= Rex Davis =

British actor, boxer, soldier, politician (1890–1951)

Captain Reginald Graham Davis (7 November 1890 - 1 December 1951) was a British soldier, silent film actor and sportsman.

==Biography==

Davis was born in Keymer, Sussex, in 1890. According to one source, he got his start in films because he was a good amateur boxer. He also played field hockey for the Richmond Hockey Club.

Davis had done several movies by the time the First World War broke out in August 1914. In July 1918, he was awarded the Military Cross "For conspicuous gallantry and devotion to duty."

He was the Conservative candidate in the by-election of 1932 for Wednesbury, but was defeated by Labour politician John Banfield.

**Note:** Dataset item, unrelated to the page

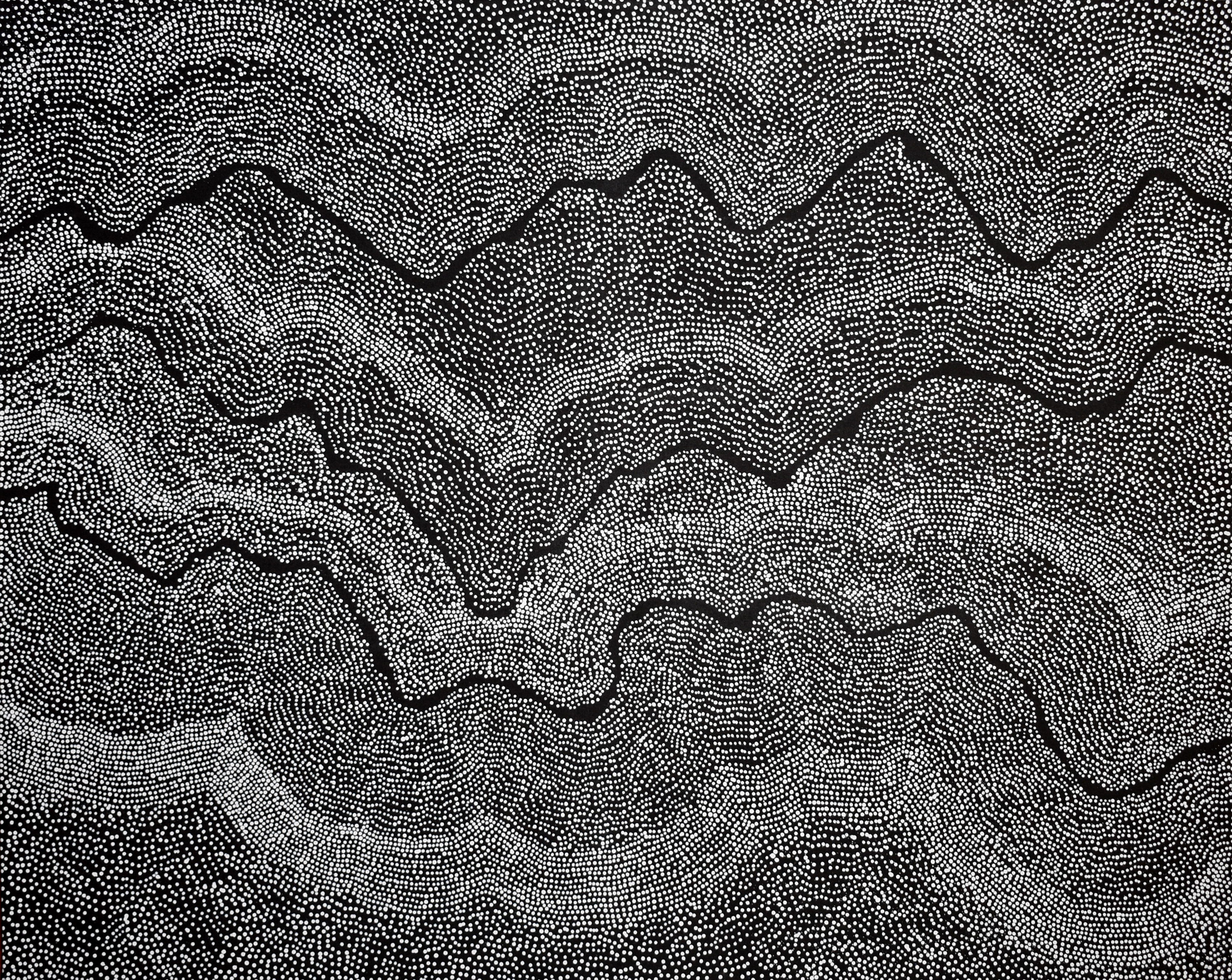 Dans cette oeuvre, l’artiste propose une « étude en noir » du site sacré de Pirlinyanu qui donne son nom à la toile. Mot à mot « lieu près d’un rocher », il s’agit d’un point d’eau creusé dans la roche dont l’existence est symbole de vie au sein du désert. Une telle représentation s’inscrit d’ailleurs en plein dans la tradition picturale du désert dont les représentants excellent à évoquer – plus qu’à représenter de manière figurative – des sites devenus lieux de cérémonies religieuses.
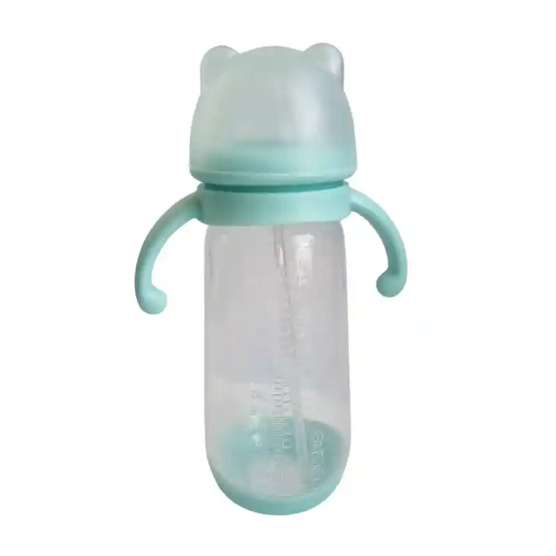 Características: Biberón de autoalimentación para bebé. No es necesario que las madres sostenga el biberón ya que la bombilla regula el flujo. Es portátil, ligero, fácil de llevar y sostener. La botella tiene un mango que facilita el agarre para los bebés Especificaciones: Material: Plástico + Silicona (Libre de BPA). Color: Transparente + Calipso (Según Disponibilidad) Género: Niña / Niño Medida: 420 ML equivalente a 15 Onzas. Contenido: 1 Mamadera con Bombilla.

Davis stayed in the military and was promoted to captain. In the 1943 Birthday Honours, he was made a Member of the Order of the British Empire. He died in East Wittering, Sussex, in 1951, after a painful illness.

==Selected filmography==
- The House of Temperley (1913)
- The Fool (1913)
- For Her People (1914)
- The Shepherd Lassie of Argyle (1914)
- Won by a Head (1920)
- The Pride of the Fancy (1920)
- Uncle Bernac (1921)
- Mord Em'ly (1922)
- All Sorts and Conditions of Men (1921)
- The Crimson Circle (1922)
- The Lion's Mouse (1923)
- A Couple of Down and Outs (1923)
- The Knockout (1923)
- Married Love (1923)
- Every Mother's Son (1926)
- Motherland (1927)

==Bibliography==
- Bamford, Kenton. Distorted Images: British National Identity and Film in the 1920s. I.B. Tauris, 1999.